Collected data
________________________

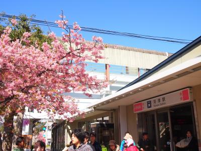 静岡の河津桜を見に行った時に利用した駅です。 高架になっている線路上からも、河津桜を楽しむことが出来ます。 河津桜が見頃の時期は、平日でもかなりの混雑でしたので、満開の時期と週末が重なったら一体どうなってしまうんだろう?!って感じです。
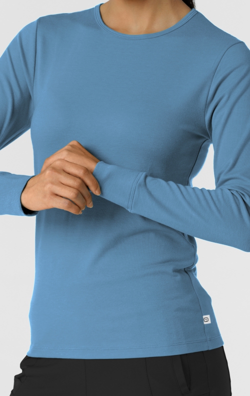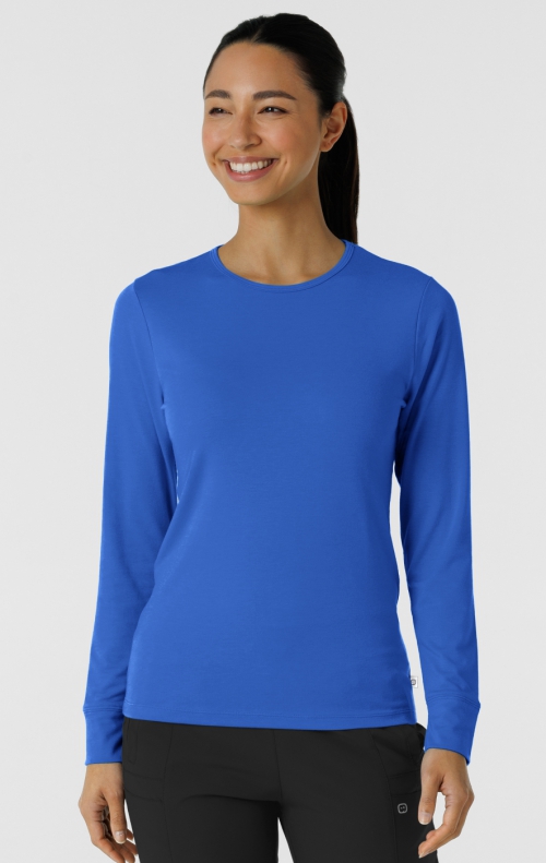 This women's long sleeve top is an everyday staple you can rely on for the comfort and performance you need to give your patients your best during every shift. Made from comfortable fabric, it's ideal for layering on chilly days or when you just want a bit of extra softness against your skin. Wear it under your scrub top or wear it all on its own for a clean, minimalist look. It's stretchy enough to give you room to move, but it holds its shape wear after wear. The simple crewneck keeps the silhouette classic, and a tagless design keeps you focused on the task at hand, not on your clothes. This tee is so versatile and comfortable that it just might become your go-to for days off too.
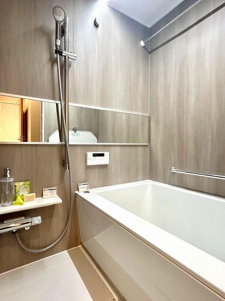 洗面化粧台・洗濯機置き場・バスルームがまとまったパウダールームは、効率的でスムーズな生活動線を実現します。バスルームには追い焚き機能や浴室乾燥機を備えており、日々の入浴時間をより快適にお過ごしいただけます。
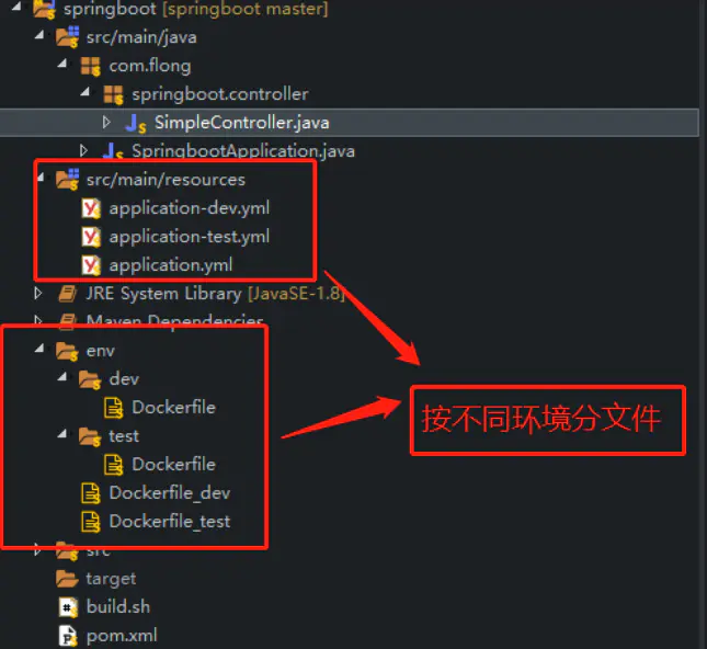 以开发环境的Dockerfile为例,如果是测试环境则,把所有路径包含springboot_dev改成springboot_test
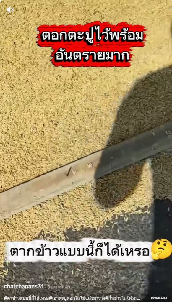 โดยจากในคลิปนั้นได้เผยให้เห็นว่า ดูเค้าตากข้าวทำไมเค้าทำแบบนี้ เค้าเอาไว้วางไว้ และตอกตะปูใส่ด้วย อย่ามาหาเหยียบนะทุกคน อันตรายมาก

________________________

YOUR OBJECTIVE
Nothing but the lines from the first line of the records above to the line with "This women's long", inclusive, should be transcribed exactly, and the pictures must be left out.

COMPLETED TASK
 静岡の河津桜を見に行った時に利用した駅です。 高架になっている線路上からも、河津桜を楽しむことが出来ます。 河津桜が見頃の時期は、平日でもかなりの混雑でしたので、満開の時期と週末が重なったら一体どうなってしまうんだろう?!って感じです。
 This women's long sleeve top is an everyday staple you can rely on for the comfort and performance you need to give your patients your best during every shift. Made from comfortable fabric, it's ideal for layering on chilly days or when you just want a bit of extra softness against your skin. Wear it under your scrub top or wear it all on its own for a clean, minimalist look. It's stretchy enough to give you room to move, but it holds its shape wear after wear. The simple crewneck keeps the silhouette classic, and a tagless design keeps you focused on the task at hand, not on your clothes. This tee is so versatile and comfortable that it just might become your go-to for days off too.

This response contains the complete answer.